The optimization problem (5) considers that every image point has its corresponding 3D point in the scene. In practice, there could be extra 2D or missing 3D points resulting in invalid 2D-to-3D correspondences. We address these problems by assigning the weights derived from a scale histogram to each correspondence. Furthermore, we also relax the strict equality of constraints to avoid the infeasibility that would arise due to the noisy data (or the discretization during the image formation process).

If \(\widetilde{X}_{ij}\) is the SfM reconstruction in \(O^1\), the relative scale of reconstruction for known 3D-to-3D correspondences \(\widetilde{X}_{ij}\leftrightarrow X_{\phi _{i}(j)}\) is given by \(s_{i}(j)={||\widetilde{X}_{ij}||}/{||X_{\phi _{i}(j)}||},\,\, j=1\ldots m\).
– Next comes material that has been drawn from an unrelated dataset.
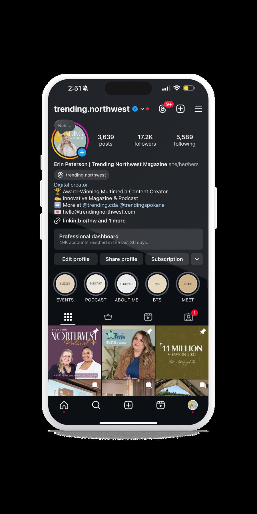 ERIN PETERSON grew up in Post Falls, Idaho and became a professionally certified educator – earning the Provost’s Award for academic achievement and community service from Lewis-Clark State College. Now she is an awardwinning local influencer, podcaster and digital strategy educator with a passion for equity and inclusion. Erin has been published and featured in a wide variety of local publications including the Spokesman Review, The Inlander, and has served as an editor at Spokane Coeur d’Alene Living magazine. If you want to learn more about how she is making an impact right here in the Northwest, give her a follow on Instagram at @trending.northwest or Trending Northwest on Facebook.

Since the reconstructed points from each pair share a common scale, in the ideal case, we have \(s_{i}(j)= c_{i}. \,\,\forall { j\in 1\ldots n}\), for some constant \(c_{i}\)’s. In practice, when the histograms \(H_{i}(u),\,u=1\ldots b\) of these scales are built, they hold the highest number of samples in the bin corresponding to the true scale. If those bins are \(U_{i}\), then the weights are distributed as follows:

$$\begin{aligned} w_{i}(j)={\left\{ \begin{array}{ll} 1 &{} s_{i}(j) \in H(U_{i})\\ 0 &{} \text{ otherwise }. \end{array}\right. } \end{aligned}$$
(6)

Furthermore, the effect of data inaccuracies is reduced by introducing a robust estimation technique. Hence, the optimization problem (5) with robust estimation and histogram-based weighting can be re-written as

$$\begin{aligned} \min \limits _{T_{i},T',\phi }\,\,\,&\sum _{i=1}^{m}\sum _{j=1}^{n}w_{i}(j)\rho \big (||x_{ij}^{2}-P(T_{i}T',X_{\phi _{i}(j)})||\big ), \nonumber \\ \text{ s.t. }\,\,\,&w_{i}(j)\rho \big (||x_{ij}^{1}-P(T_{i}, X_{\phi _{i}(j)})||\big ) = 0, \nonumber \\&\rho \big ((x_{ij}^{2})^{T}E_{i}(T')x_{ij}^{1}\big )=0. \end{aligned}$$
(7)

where \(\rho (x)\) is Tukey bi-weighted potential function. For a threshold \(\xi \), it is defined as

$$\begin{aligned} \rho (y)={\left\{ \begin{array}{ll} \frac{y^{6}}{6}-\frac{\xi ^{2}y^{4}}{2}+\frac{\xi ^{4}y^{2}}{2}\, &{} for\;|y|<\xi \\ \frac{\xi ^{6}}{6} &{} \text{ otherwise } \end{array}\right. } \end{aligned}$$
(8)

whose influence function is \(\psi (y)=y\left( \xi ^{2}-y^{2}\right) ^{2}\) for \(|y|<\xi \) and 0 otherwise.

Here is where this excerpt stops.